• **What is required**
Pictures do not belong in the copy. Write out exactly the lines from the one containing "- ⛩️箱根神社:据说在交通" through the end of the data.

• **Input data**
·····
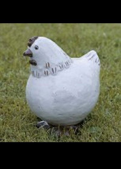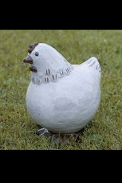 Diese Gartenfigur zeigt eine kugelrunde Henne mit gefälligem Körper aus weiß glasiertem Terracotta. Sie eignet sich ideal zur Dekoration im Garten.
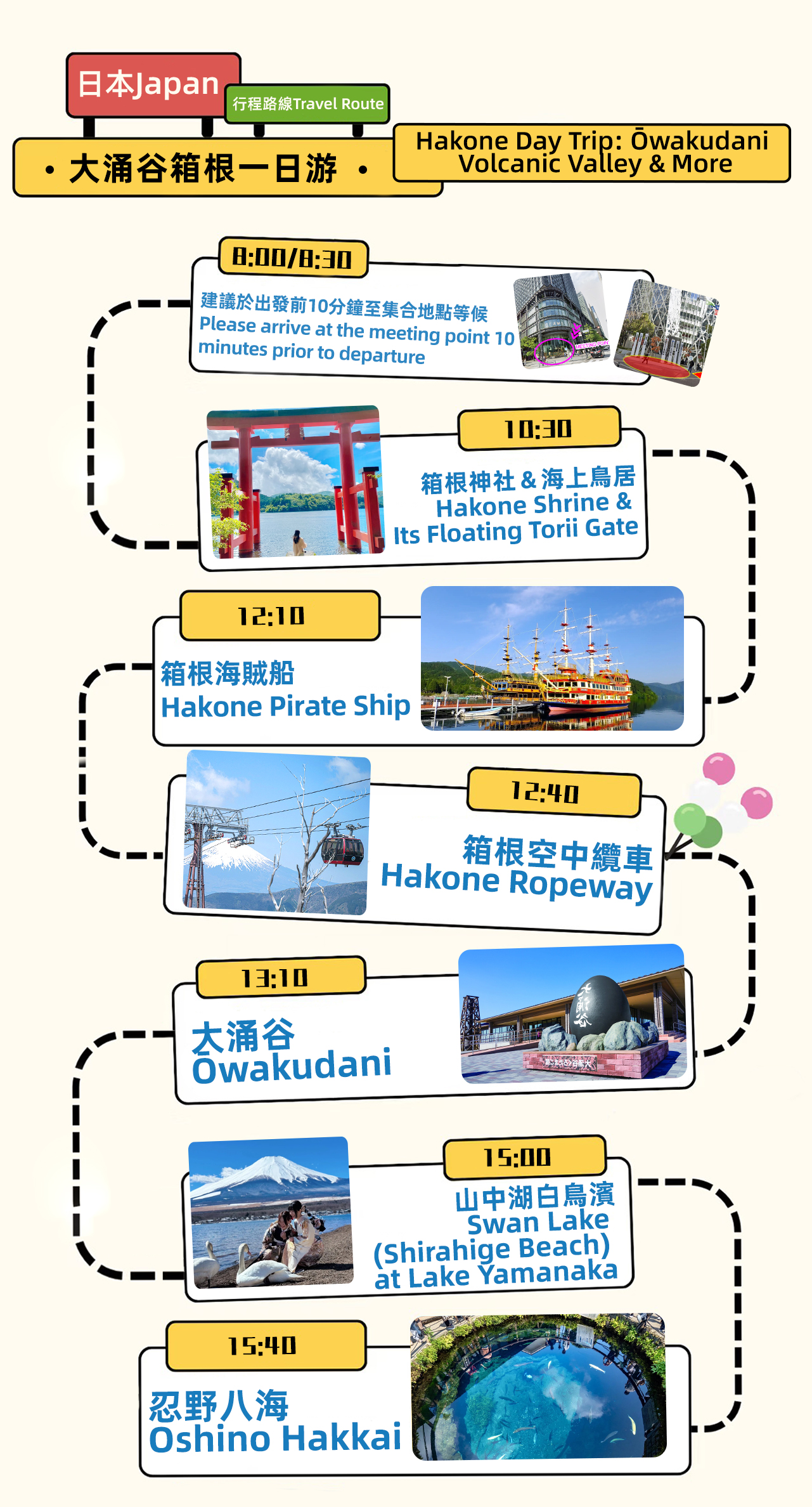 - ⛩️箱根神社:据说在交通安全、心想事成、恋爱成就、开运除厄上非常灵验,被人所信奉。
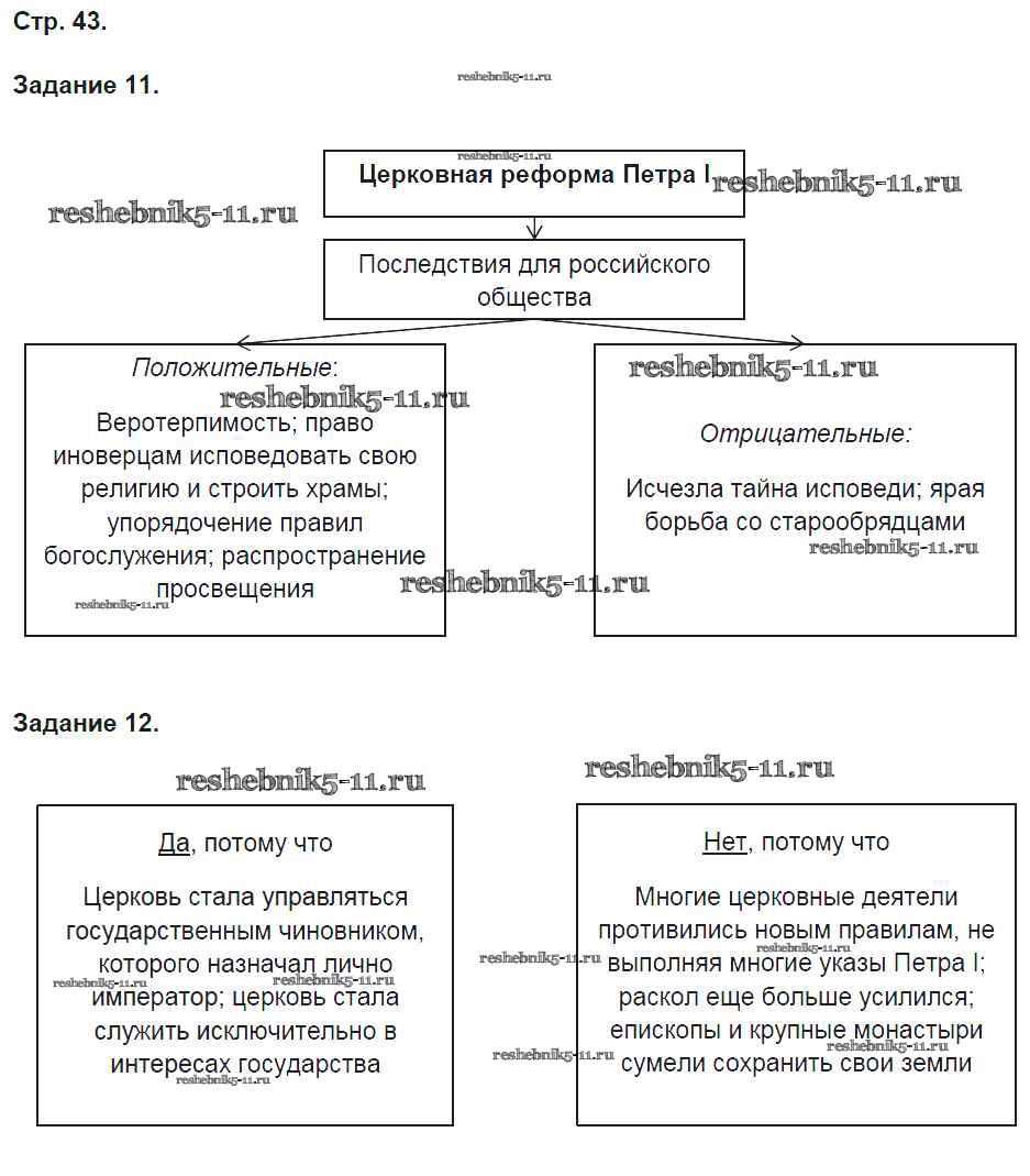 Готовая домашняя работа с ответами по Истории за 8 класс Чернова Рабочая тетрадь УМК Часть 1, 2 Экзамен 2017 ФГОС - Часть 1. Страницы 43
·····
• **Task answer**
 - ⛩️箱根神社:据说在交通安全、心想事成、恋爱成就、开运除厄上非常灵验,被人所信奉。
 Готовая домашняя работа с ответами по Истории за 8 класс Чернова Рабочая тетрадь УМК Часть 1, 2 Экзамен 2017 ФГОС - Часть 1. Страницы 43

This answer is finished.